I actually have a 605 SBF laying around somewhere that is legit. Used it once, since I wanted to get the 15p radio for my DX and I needed to be on Froyo to flash it.

But besides that, I probably would factory reset myself and an SBF would do just that. I've heard some generally good opinions of 621, but I haven't made the jump and probably won't since I did retire my DX (now used for media or something). If you want a dirt smooth ROM, I say any of the AOSP-based ones are. If you want battery life, Liberty or Vortex Liberated (or something like that) are good choices since they are blur-based.


----------



## razorloves (Jun 7, 2011)

TwinShadow said:


> I actually have a 605 SBF laying around somewhere that is legit. Used it once, since I wanted to get the 15p radio for my DX and I needed to be on Froyo to flash it.


The 605 sbf is in the sbf sticky thread along with all other sbf's that have ever come out for the droid x. Just fyi


----------



## ak450 (Aug 11, 2011)

Sorry guys, yet I thank you all for the help. I went back and did a factory reset, cache wipe and its running a little better.

If you dont mind me asking, what roms out there are compatible with the system version I am currently running? I am looking for something that is just overall smooth, good battery life, and mainly something to thrown on and leave for the time being until I get my new i5.

I saw the Vortex Liberated, is that something I can just flash on and go with?


----------



## TwinShadow (Oct 17, 2011)

Aside from the official CM7 tree which runs on the Froyo kernel (which you shouldn't be running unless you just want some nostalgia I suppose or are bored), all of the ROMs can run on the GB kernel, at least the 602/605 system. 621 requires a small patch or something to work with blur-based ROMs, but is not required for those using 2nd-init (like CM7/9, AOKP, any other CyanogenMod base..)

Vortex Liberated is fine on the 605 system, same for 602. There's one for that, and a 621 version, so choose the one for your system, and then flash away.


----------



## ak450 (Aug 11, 2011)

How do I go about knowing if I am on a Froyo kernel? I think I may be on that due to the fact the phone and software is highly annoying and boring.

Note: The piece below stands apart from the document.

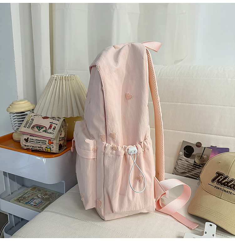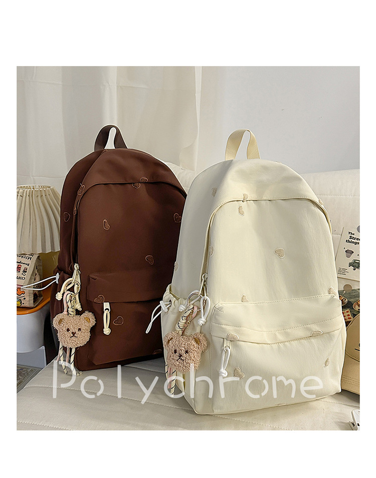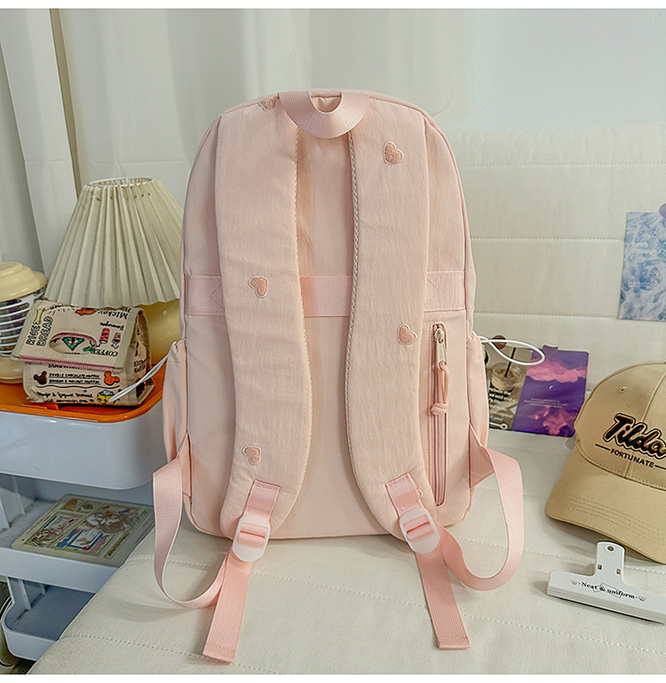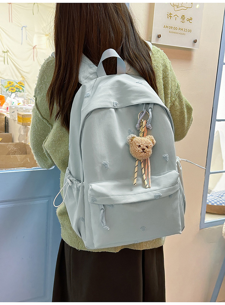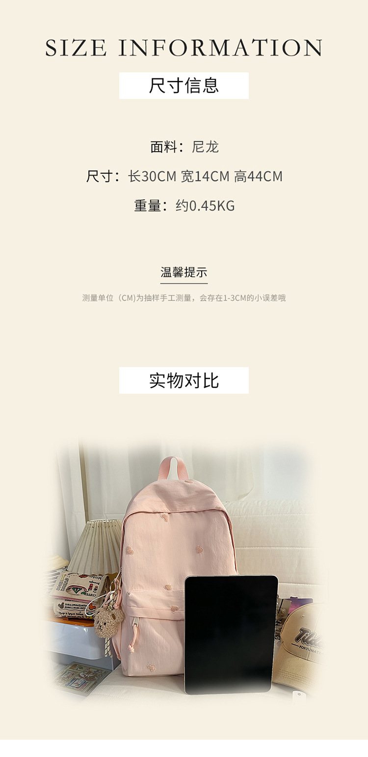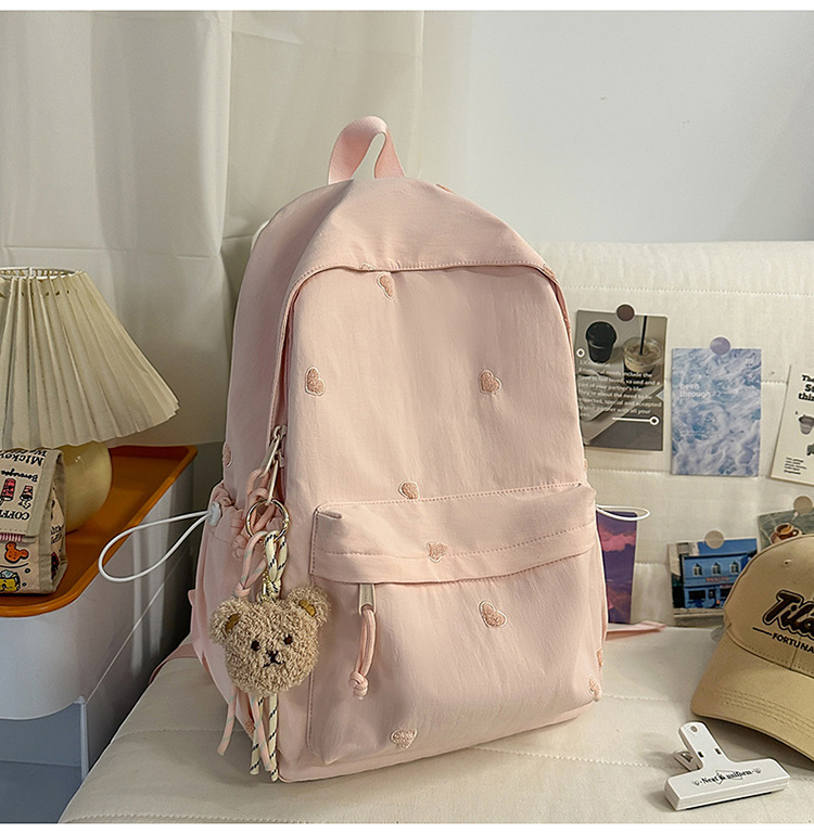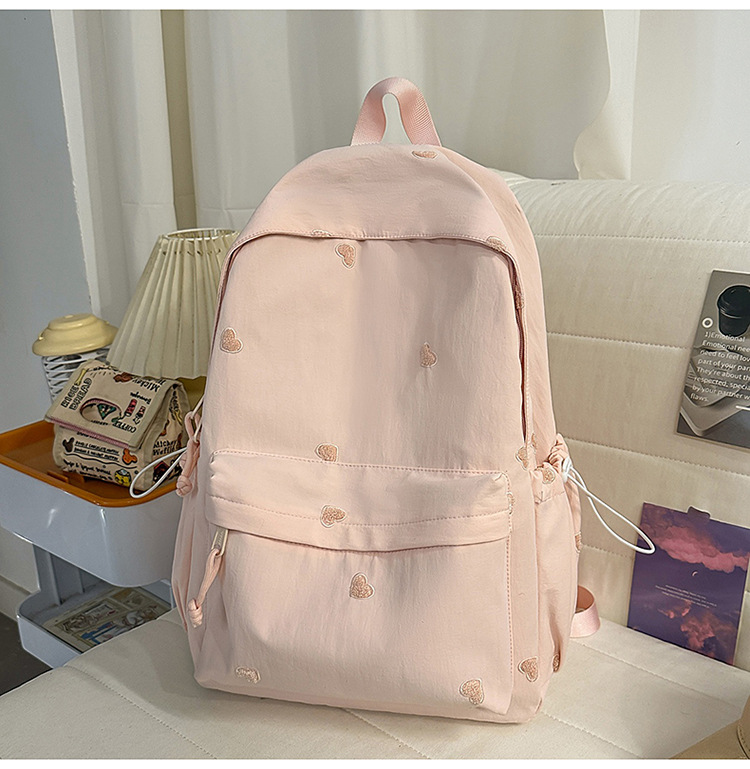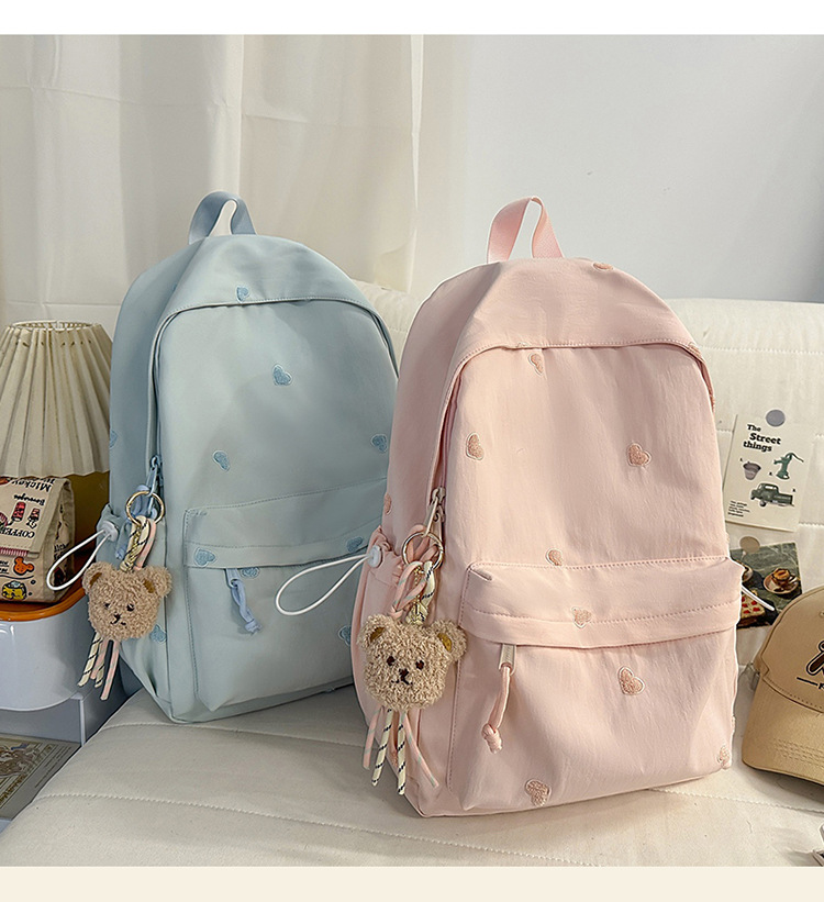 书包少女简约百搭双肩包大学生中学生爱心刺绣纯色补课包出游背包

Id like to hop onto something more recent and usable, maybe the 605, yet do not know where to get the link from for the 605 to flash it. It looks like Vortex Liberated requires a 605 version, and I am on 602, something that seems highly outdated.


----------



## razorloves (Jun 7, 2011)

http://rootzwiki.com/topic/331-guide-flashing-droid-x-sbf/

602 means you have gingerbread.

Even the newest stock rom (621) is gingerbread, so the only way you'll see a more updated rom is if you go with one of the ice cream sandwich custom roms


----------



## TwinShadow (Oct 17, 2011)

^ That.

605 really only contained a small fix for a very annoying keyboard issue that appeared in 602. I was affected by it numerous times and I forgot how I fixed it each time it happened. Otherwise, they're rather identical in nature. Upping to 605 via the SBF would be your best bet as the OTA will take you 621 which requires a bit of work to root. Not as much now that a method to root it all in one go is available, but it does still require some work to get root.


----------